**HOW TO COMPLETE THIS TASK:** Look below for the line containing "in response to" and the line containing "Researchers derived Einstein's", then set down both and every line between them exactly, without pictures.

**EXERCISE DATA:**

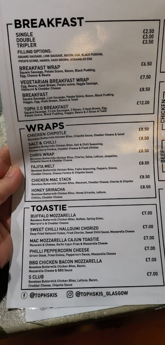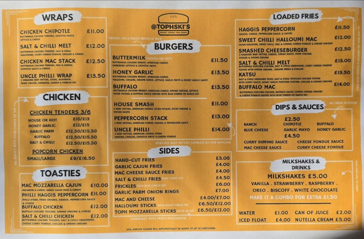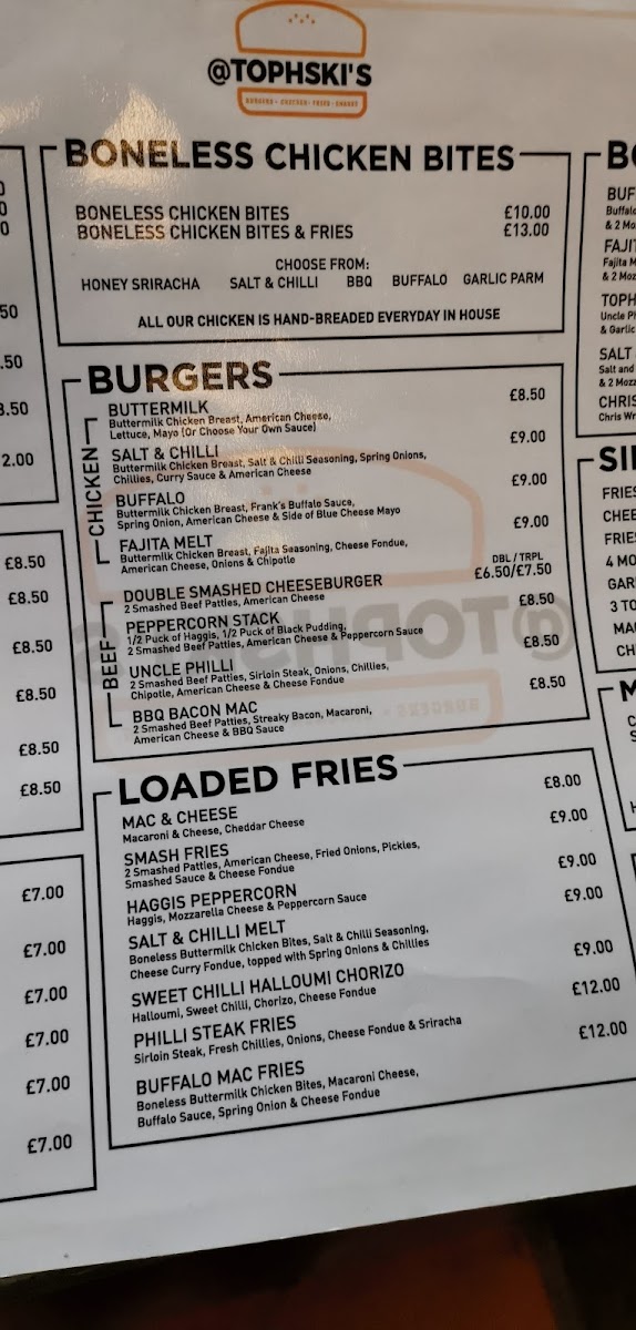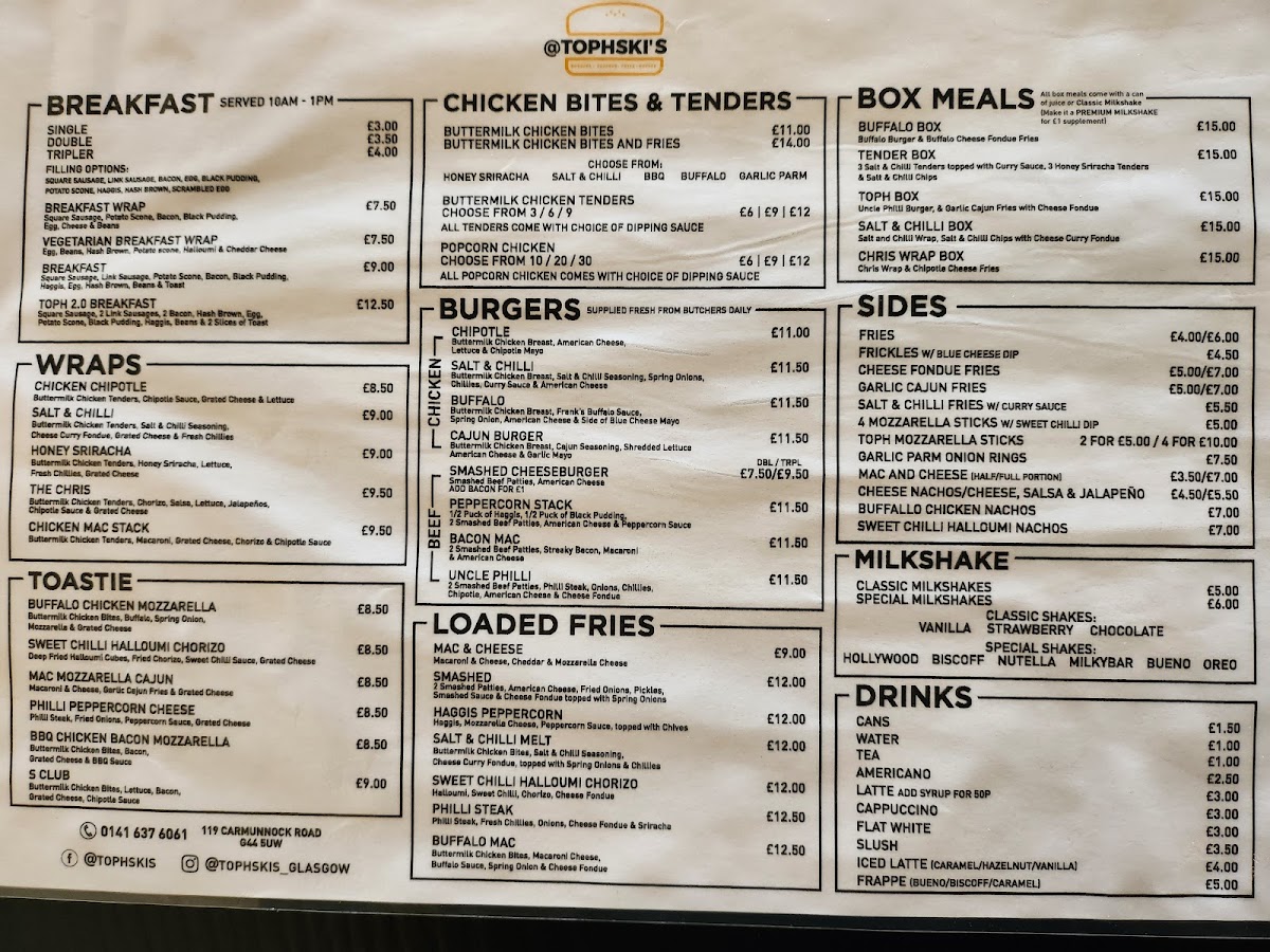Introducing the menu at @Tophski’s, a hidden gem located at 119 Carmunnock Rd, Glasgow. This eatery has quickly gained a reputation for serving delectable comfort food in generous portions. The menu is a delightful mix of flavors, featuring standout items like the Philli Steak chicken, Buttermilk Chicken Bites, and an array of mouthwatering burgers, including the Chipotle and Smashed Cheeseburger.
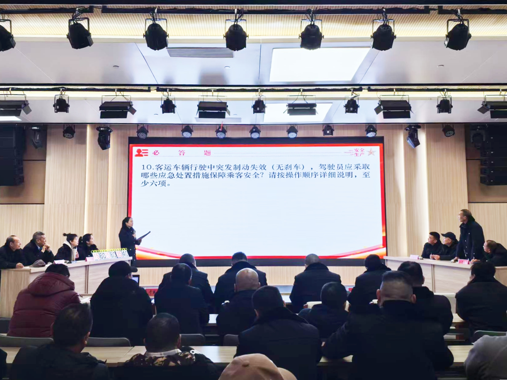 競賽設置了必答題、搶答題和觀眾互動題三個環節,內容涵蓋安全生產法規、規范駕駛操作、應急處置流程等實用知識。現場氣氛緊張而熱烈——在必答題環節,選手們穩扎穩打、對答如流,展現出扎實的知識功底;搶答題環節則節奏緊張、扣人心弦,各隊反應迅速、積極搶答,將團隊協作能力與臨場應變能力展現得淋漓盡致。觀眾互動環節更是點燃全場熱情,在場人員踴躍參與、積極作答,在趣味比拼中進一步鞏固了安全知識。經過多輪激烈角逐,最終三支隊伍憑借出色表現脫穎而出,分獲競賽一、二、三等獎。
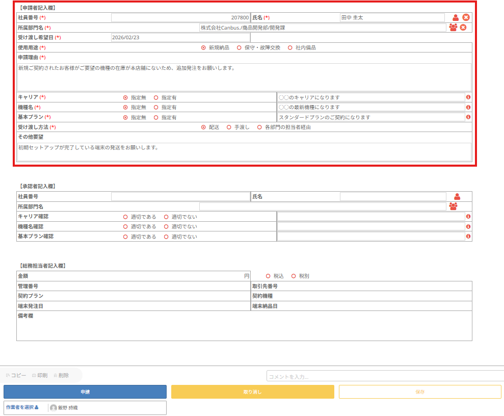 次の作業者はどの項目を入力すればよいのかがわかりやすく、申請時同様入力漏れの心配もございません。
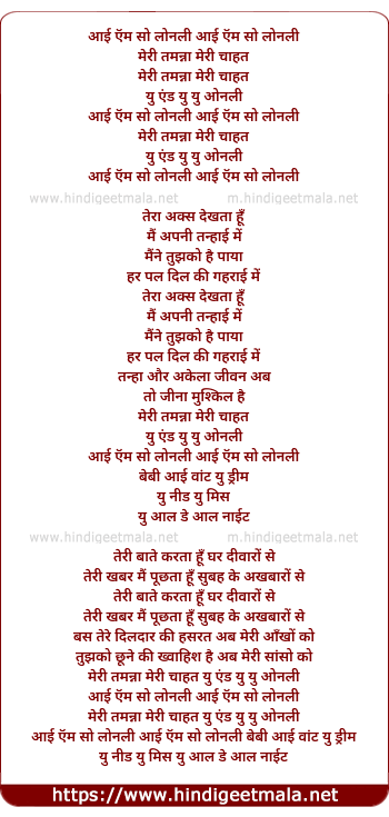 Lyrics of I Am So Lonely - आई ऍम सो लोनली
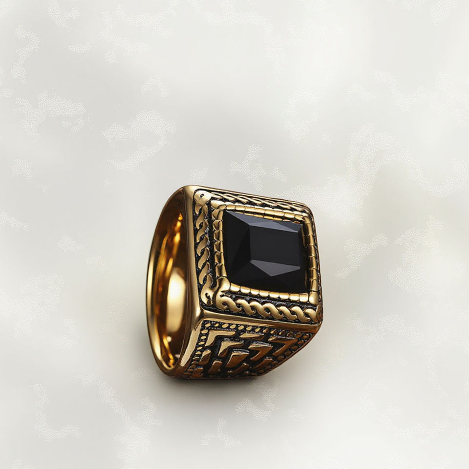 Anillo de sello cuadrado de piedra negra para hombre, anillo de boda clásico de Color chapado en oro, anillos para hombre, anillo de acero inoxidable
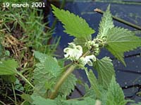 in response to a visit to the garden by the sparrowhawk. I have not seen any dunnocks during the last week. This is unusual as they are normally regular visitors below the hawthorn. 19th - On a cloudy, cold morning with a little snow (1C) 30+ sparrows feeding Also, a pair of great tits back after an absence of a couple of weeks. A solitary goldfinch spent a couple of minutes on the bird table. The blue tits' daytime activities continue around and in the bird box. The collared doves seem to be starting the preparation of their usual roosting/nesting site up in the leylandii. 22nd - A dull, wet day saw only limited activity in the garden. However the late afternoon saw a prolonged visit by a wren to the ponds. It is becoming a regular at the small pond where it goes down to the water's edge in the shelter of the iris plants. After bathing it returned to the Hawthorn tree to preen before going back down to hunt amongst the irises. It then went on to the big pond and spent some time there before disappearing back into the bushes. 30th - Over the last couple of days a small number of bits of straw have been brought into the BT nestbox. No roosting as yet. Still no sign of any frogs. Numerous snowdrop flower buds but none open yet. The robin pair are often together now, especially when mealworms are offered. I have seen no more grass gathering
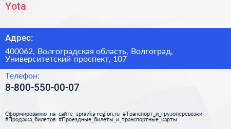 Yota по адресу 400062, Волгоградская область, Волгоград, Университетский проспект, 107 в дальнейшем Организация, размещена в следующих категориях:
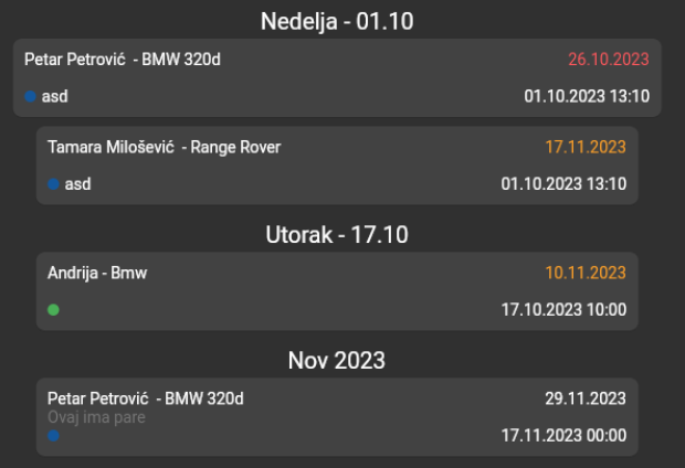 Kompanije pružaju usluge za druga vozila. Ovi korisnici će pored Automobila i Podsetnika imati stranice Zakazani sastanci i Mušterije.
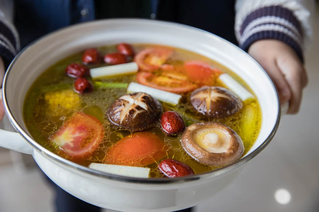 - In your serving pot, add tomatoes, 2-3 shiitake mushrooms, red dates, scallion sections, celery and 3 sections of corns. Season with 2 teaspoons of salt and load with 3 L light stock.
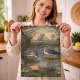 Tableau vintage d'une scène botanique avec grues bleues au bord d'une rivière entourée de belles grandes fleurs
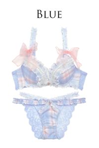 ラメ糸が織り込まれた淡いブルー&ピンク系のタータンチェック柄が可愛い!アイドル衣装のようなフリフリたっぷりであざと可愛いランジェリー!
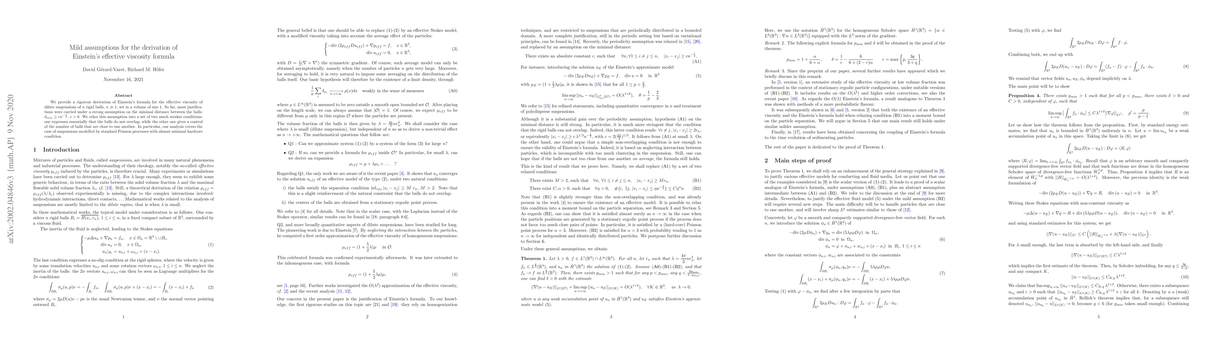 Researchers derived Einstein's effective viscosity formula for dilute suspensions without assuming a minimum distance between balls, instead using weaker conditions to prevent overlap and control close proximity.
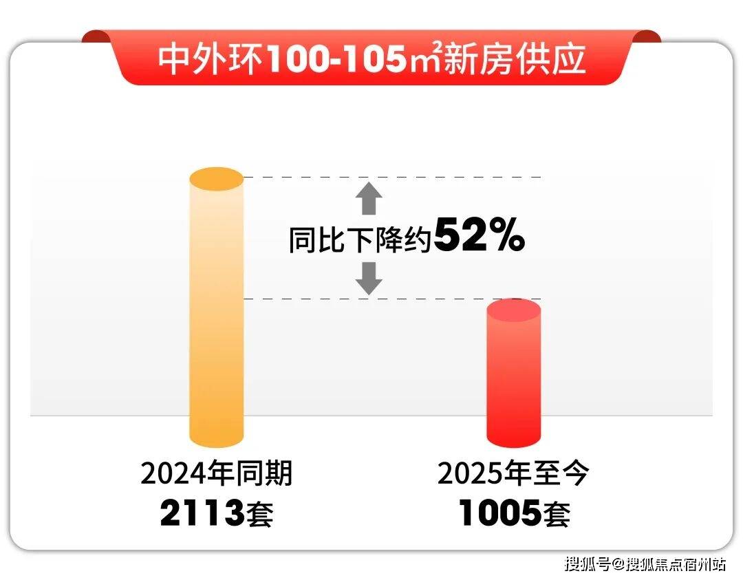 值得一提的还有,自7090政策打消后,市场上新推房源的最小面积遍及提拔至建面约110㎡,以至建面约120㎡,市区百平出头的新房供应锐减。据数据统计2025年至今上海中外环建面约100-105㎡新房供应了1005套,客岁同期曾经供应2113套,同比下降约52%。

**WRITTEN RESPONSE:**
 in response to a visit to the garden by the sparrowhawk. I have not seen any dunnocks during the last week. This is unusual as they are normally regular visitors below the hawthorn. 19th - On a cloudy, cold morning with a little snow (1C) 30+ sparrows feeding Also, a pair of great tits back after an absence of a couple of weeks. A solitary goldfinch spent a couple of minutes on the bird table. The blue tits' daytime activities continue around and in the bird box. The collared doves seem to be starting the preparation of their usual roosting/nesting site up in the leylandii. 22nd - A dull, wet day saw only limited activity in the garden. However the late afternoon saw a prolonged visit by a wren to the ponds. It is becoming a regular at the small pond where it goes down to the water's edge in the shelter of the iris plants. After bathing it returned to the Hawthorn tree to preen before going back down to hunt amongst the irises. It then went on to the big pond and spent some time there before disappearing back into the bushes. 30th - Over the last couple of days a small number of bits of straw have been brought into the BT nestbox. No roosting as yet. Still no sign of any frogs. Numerous snowdrop flower buds but none open yet. The robin pair are often together now, especially when mealworms are offered. I have seen no more grass gathering
 Yota по адресу 400062, Волгоградская область, Волгоград, Университетский проспект, 107 в дальнейшем Организация, размещена в следующих категориях:
 Kompanije pružaju usluge za druga vozila. Ovi korisnici će pored Automobila i Podsetnika imati stranice Zakazani sastanci i Mušterije.
 - In your serving pot, add tomatoes, 2-3 shiitake mushrooms, red dates, scallion sections, celery and 3 sections of corns. Season with 2 teaspoons of salt and load with 3 L light stock.
 Tableau vintage d'une scène botanique avec grues bleues au bord d'une rivière entourée de belles grandes fleurs
 ラメ糸が織り込まれた淡いブルー&ピンク系のタータンチェック柄が可愛い!アイドル衣装のようなフリフリたっぷりであざと可愛いランジェリー!
 Researchers derived Einstein's effective viscosity formula for dilute suspensions without assuming a minimum distance between balls, instead using weaker conditions to prevent overlap and control close proximity.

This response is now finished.